The Solution: Classrooms First Budgeting
We don’t necessarily need ever-higher totals. We need to budget existing dollars differently—starting at the classroom level and building upward. Bottom up budgeting solves these issues.
Require teachers and school sites to submit prioritized needs first: core materials, supplies, technology, and competitive compensation to attract and retain effective educators. Fund direct instruction and teacher pay as priority one. Only then layer in site-level operations, followed by central administration, compliance, and secondary programs as resources permit.

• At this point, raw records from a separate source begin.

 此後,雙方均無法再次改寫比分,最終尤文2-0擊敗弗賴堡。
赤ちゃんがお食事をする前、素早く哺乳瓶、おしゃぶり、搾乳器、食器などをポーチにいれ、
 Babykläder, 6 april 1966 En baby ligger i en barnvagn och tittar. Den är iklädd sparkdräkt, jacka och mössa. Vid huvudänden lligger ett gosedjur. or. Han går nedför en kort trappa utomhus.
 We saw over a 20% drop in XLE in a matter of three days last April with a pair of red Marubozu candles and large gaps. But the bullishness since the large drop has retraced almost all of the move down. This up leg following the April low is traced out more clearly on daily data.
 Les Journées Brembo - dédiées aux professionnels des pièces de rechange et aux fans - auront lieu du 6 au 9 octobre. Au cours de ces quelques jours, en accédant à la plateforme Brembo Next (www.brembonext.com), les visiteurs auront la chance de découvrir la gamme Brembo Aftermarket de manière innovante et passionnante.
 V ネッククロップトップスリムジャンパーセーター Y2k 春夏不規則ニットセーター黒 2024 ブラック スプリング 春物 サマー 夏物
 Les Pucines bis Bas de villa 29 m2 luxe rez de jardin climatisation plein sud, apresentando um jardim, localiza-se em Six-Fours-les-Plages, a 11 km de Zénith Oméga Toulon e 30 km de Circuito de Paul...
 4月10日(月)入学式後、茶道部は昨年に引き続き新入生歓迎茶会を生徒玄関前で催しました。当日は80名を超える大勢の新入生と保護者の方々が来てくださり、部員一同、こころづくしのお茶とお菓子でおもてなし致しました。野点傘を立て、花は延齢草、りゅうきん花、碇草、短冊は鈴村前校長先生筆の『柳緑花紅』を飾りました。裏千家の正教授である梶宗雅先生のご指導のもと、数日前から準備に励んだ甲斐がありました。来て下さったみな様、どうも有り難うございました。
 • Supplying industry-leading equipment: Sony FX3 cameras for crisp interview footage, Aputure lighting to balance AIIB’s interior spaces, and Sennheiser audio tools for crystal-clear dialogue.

This “Classrooms First” approach flips the current budget process model. It forces every layer above the classroom to prove it supports actual teaching and learning. The Legislature should amend LCFF and SCFF statutes to mandate classroom-level needs assessments and teacher input before any district or system overhead is allocated. Add transparency requirements, outcome-linked tracking, and stronger performance incentives tied to student results.
Where Is the State Controller?
Education consumes a massive share of California’s budget—tens of billions under Prop 98 alone, yet the state’s chief fiscal officer, Controller Malia Cohen, has been largely missing in action on the core failure: getting money to actual classrooms instead of bureaucracy. The California Constitution grants the Controller sweeping powers as the independent fiscal watchdog: to superintend all state financial concerns, audit claims against public funds, conduct independent reviews of agencies and programs, and oversee disbursements across government.

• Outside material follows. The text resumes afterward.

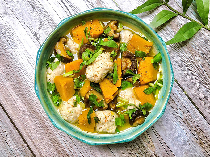 Món canh thơm ngon với bí đỏ mềm béo cùng viên mọc tôm dai ngọt đậm đà. Món này ăn cùng cơm vào những ngày hè, mưa gió.

These are not ceremonial duties. They are substantive tools to expose waste, inefficiency, and misallocation that threaten taxpayers and students. Yet Cohen has treated the office more as form than substance—issuing statements and chairing narrow task forces on charter school fraud while the broader TK-14 system hemorrhages resources into overhead and secondary initiatives with little visible auditing of how Prop 98 and related dollars actually reach classrooms.
She appears to lack basic financial understanding of how top-down block grants, unchecked administrative bloat, and diversion to non-core programs distort priorities and deliver poor returns on one of the state’s largest investments. Across education and every other sector, the Controller could and must do far more: demand detailed, transparent reporting on classroom-versus-overhead spending; perform rigorous, independent performance audits tied to student outcomes; and hold districts and the Department of Education accountable for results rather than inputs.
It is time for Controller Cohen to use her constitutional authority aggressively. Californians deserve to know exactly where their education dollars are going—and why so little seems to improve foundational skills.
California does not lack funding for education. It lacks prioritization. Adopting Classrooms First bottom up budgeting would redirect resources to teachers delivering instruction and students who deserve real results. Until budgets are built from the classroom up rather than trickling down from systems, additional spending will continue to produce disappointing outcomes. It’s past time to put classrooms, teachers, and students ahead of bureaucracy.